Directions for the data below: repeat exactly the lines from the one with "Японские туфли на" through the one with "a peak list", both included, and omit all pictures.
-------- Source material
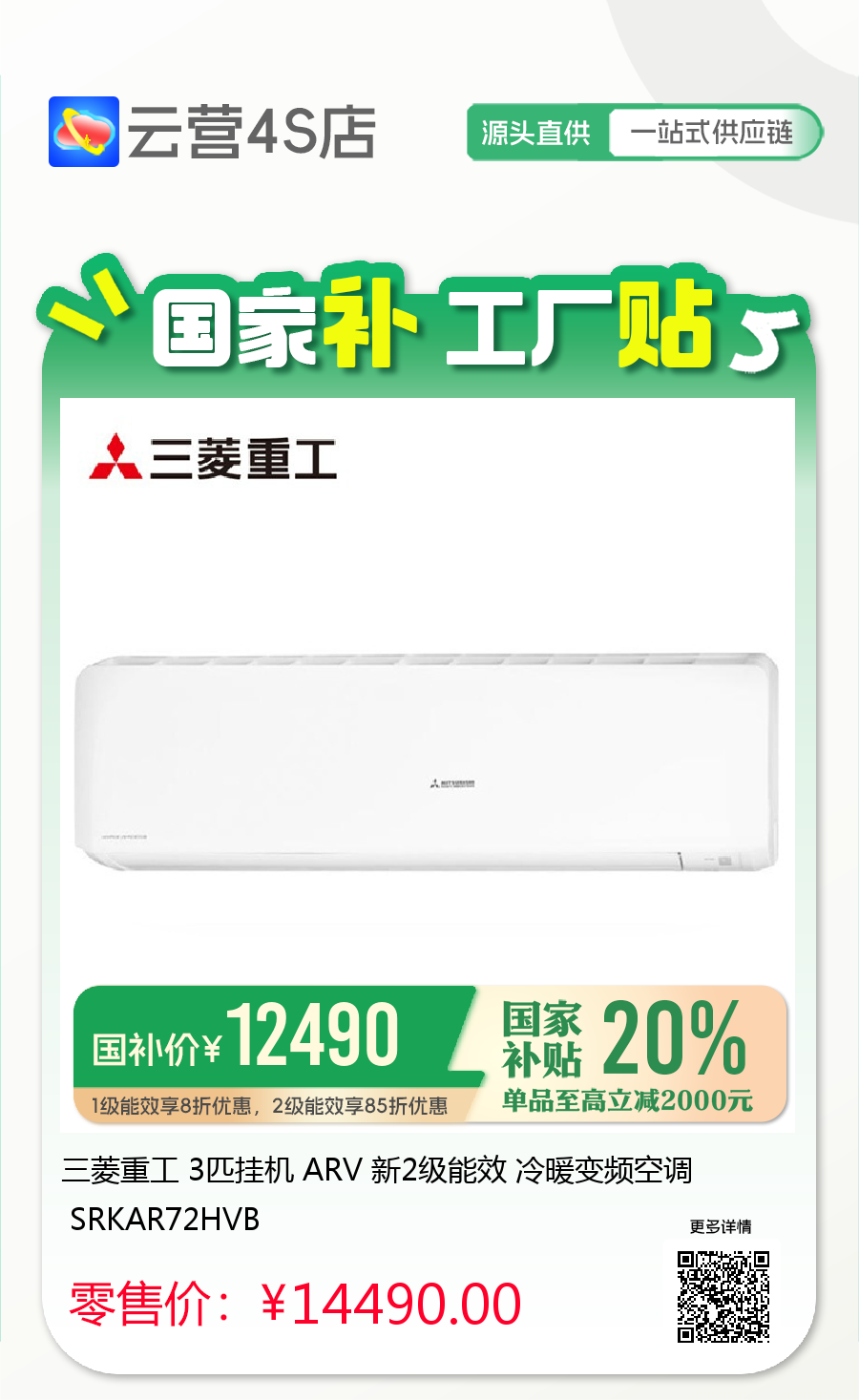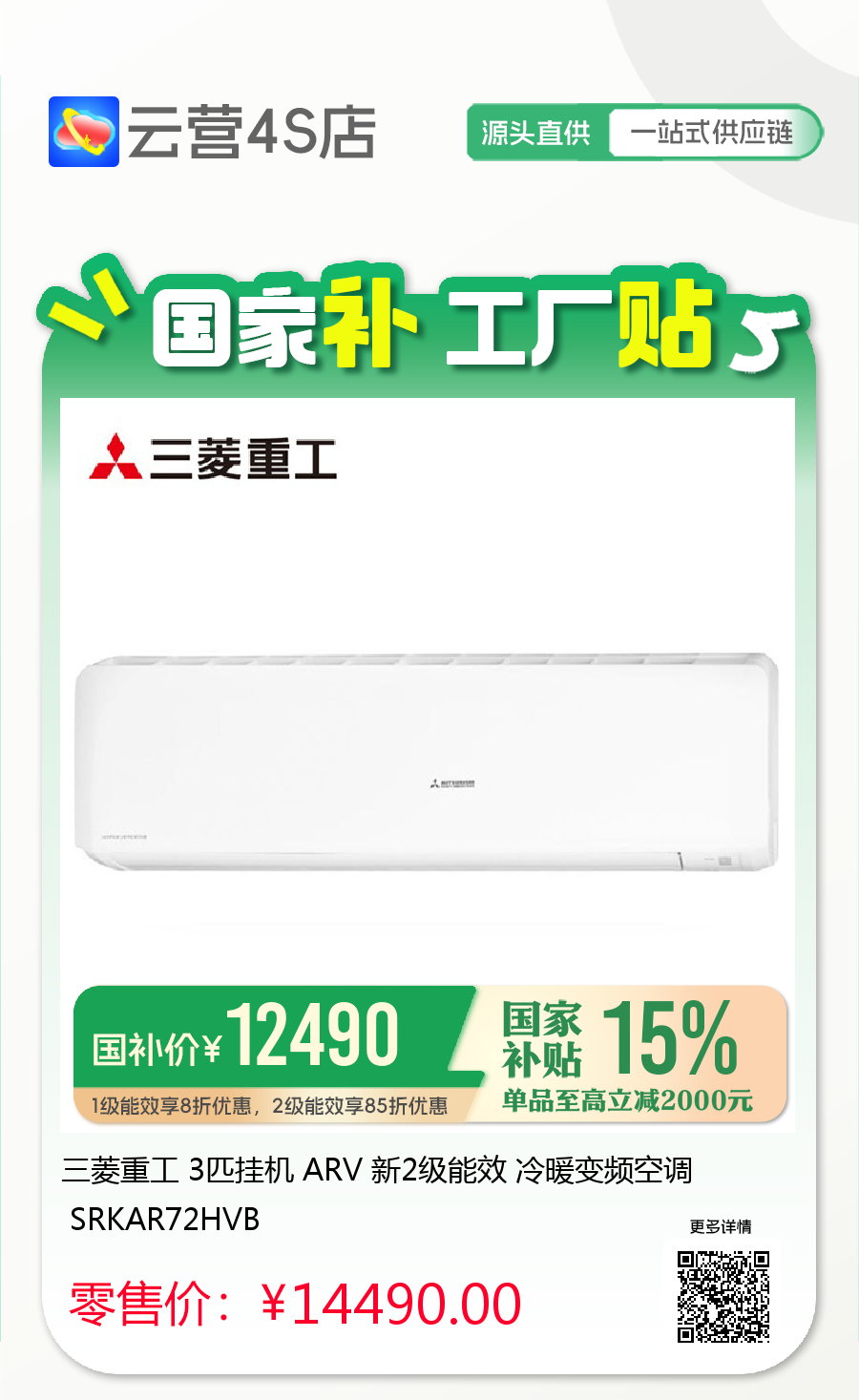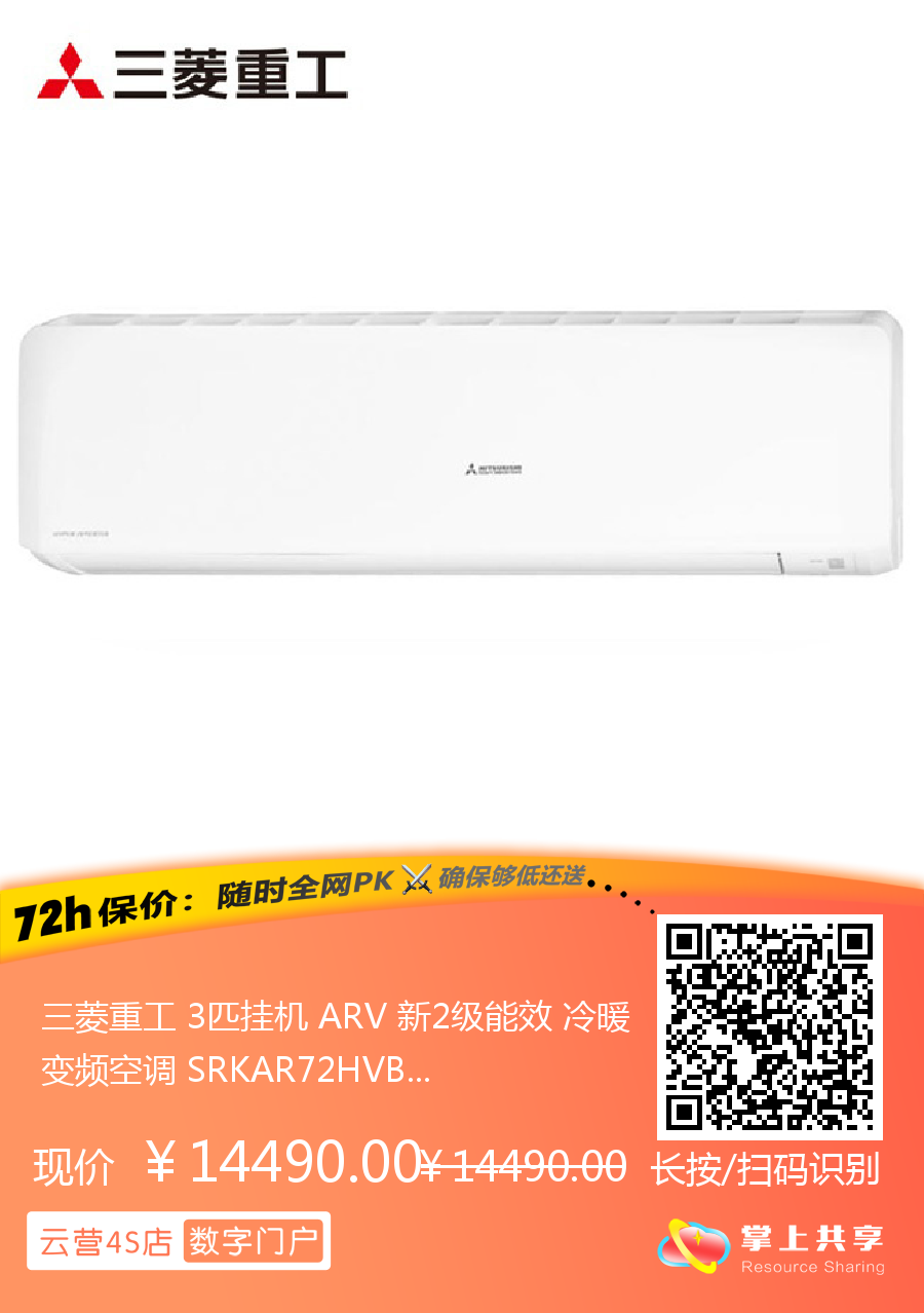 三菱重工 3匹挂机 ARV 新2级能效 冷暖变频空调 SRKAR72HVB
----------------
-------- Source material
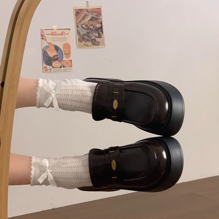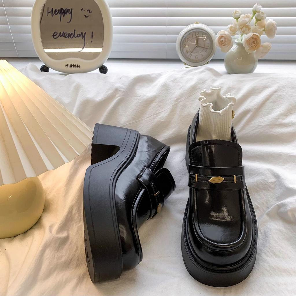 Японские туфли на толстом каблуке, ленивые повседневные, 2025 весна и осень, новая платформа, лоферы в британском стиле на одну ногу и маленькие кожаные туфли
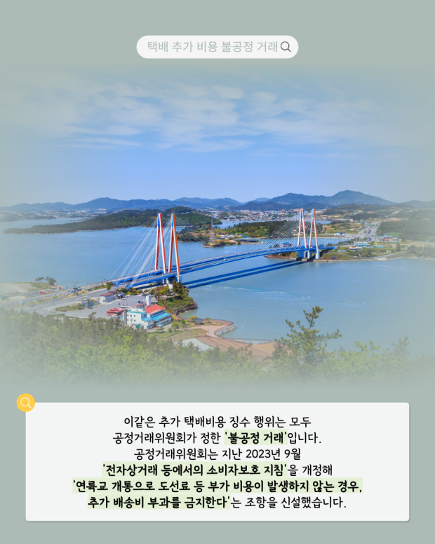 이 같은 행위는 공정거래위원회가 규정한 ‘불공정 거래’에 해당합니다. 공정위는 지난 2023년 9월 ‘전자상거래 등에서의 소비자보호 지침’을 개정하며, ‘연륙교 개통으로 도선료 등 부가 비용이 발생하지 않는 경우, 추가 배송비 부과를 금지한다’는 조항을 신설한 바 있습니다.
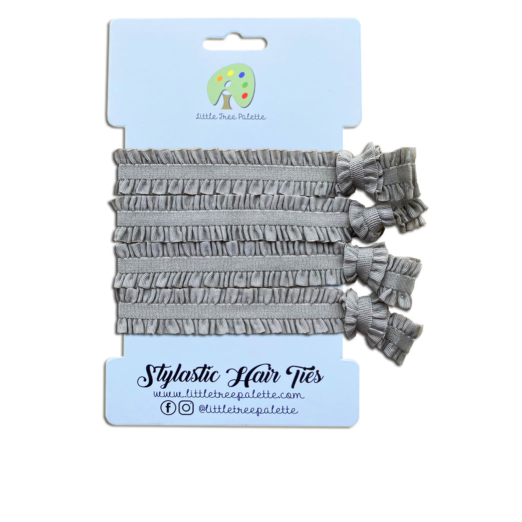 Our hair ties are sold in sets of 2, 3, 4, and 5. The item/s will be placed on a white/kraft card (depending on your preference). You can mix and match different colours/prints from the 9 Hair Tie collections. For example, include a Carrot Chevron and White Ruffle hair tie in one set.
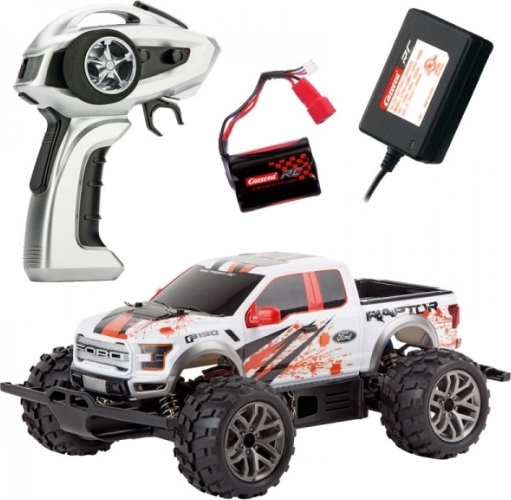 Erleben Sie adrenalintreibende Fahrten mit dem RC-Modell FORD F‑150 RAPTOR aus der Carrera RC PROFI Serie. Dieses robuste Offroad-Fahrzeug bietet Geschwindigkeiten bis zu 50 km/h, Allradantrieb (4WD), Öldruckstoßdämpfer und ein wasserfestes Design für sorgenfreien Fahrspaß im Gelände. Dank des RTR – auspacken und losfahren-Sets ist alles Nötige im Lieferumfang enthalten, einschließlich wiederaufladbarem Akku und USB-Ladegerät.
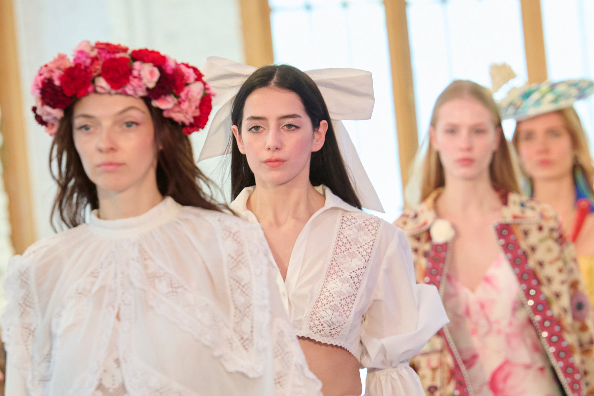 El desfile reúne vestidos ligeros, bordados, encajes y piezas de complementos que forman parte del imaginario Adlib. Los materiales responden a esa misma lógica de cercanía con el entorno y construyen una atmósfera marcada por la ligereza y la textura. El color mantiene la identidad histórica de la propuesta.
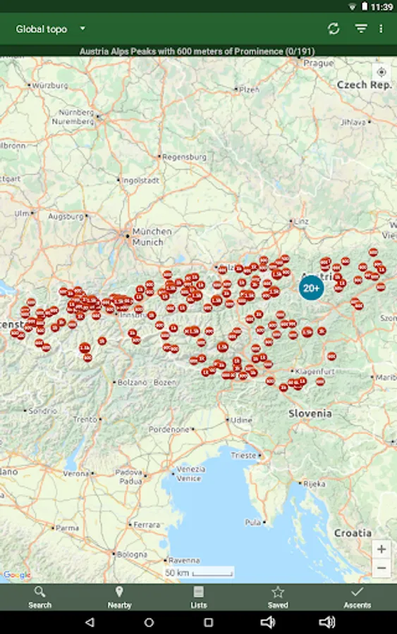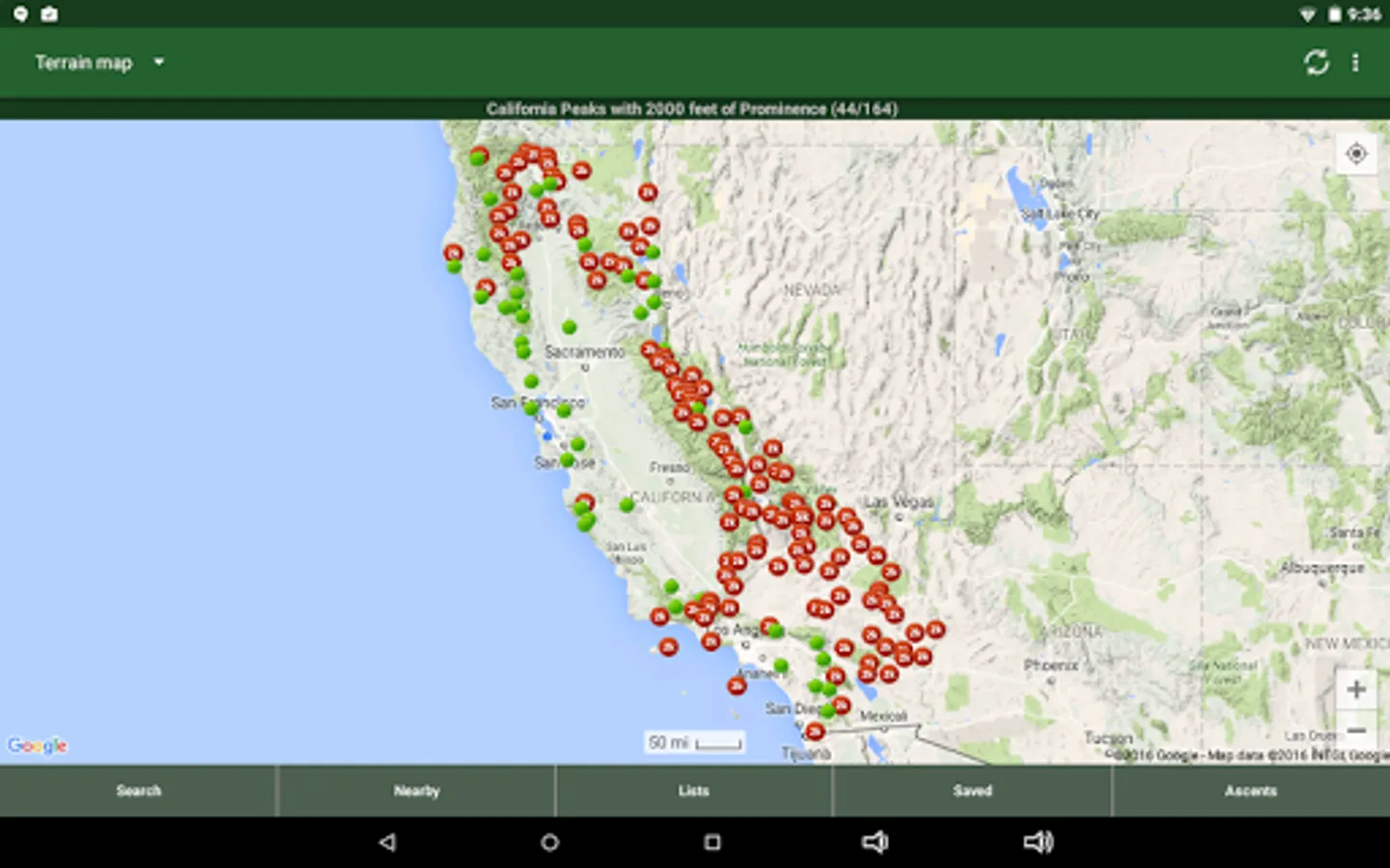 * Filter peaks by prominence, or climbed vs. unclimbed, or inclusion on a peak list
----------------
◆ Answer box:
 Японские туфли на толстом каблуке, ленивые повседневные, 2025 весна и осень, новая платформа, лоферы в британском стиле на одну ногу и маленькие кожаные туфли
 이 같은 행위는 공정거래위원회가 규정한 ‘불공정 거래’에 해당합니다. 공정위는 지난 2023년 9월 ‘전자상거래 등에서의 소비자보호 지침’을 개정하며, ‘연륙교 개통으로 도선료 등 부가 비용이 발생하지 않는 경우, 추가 배송비 부과를 금지한다’는 조항을 신설한 바 있습니다.
 Our hair ties are sold in sets of 2, 3, 4, and 5. The item/s will be placed on a white/kraft card (depending on your preference). You can mix and match different colours/prints from the 9 Hair Tie collections. For example, include a Carrot Chevron and White Ruffle hair tie in one set.
 Erleben Sie adrenalintreibende Fahrten mit dem RC-Modell FORD F‑150 RAPTOR aus der Carrera RC PROFI Serie. Dieses robuste Offroad-Fahrzeug bietet Geschwindigkeiten bis zu 50 km/h, Allradantrieb (4WD), Öldruckstoßdämpfer und ein wasserfestes Design für sorgenfreien Fahrspaß im Gelände. Dank des RTR – auspacken und losfahren-Sets ist alles Nötige im Lieferumfang enthalten, einschließlich wiederaufladbarem Akku und USB-Ladegerät.
 El desfile reúne vestidos ligeros, bordados, encajes y piezas de complementos que forman parte del imaginario Adlib. Los materiales responden a esa misma lógica de cercanía con el entorno y construyen una atmósfera marcada por la ligereza y la textura. El color mantiene la identidad histórica de la propuesta.
 * Filter peaks by prominence, or climbed vs. unclimbed, or inclusion on a peak list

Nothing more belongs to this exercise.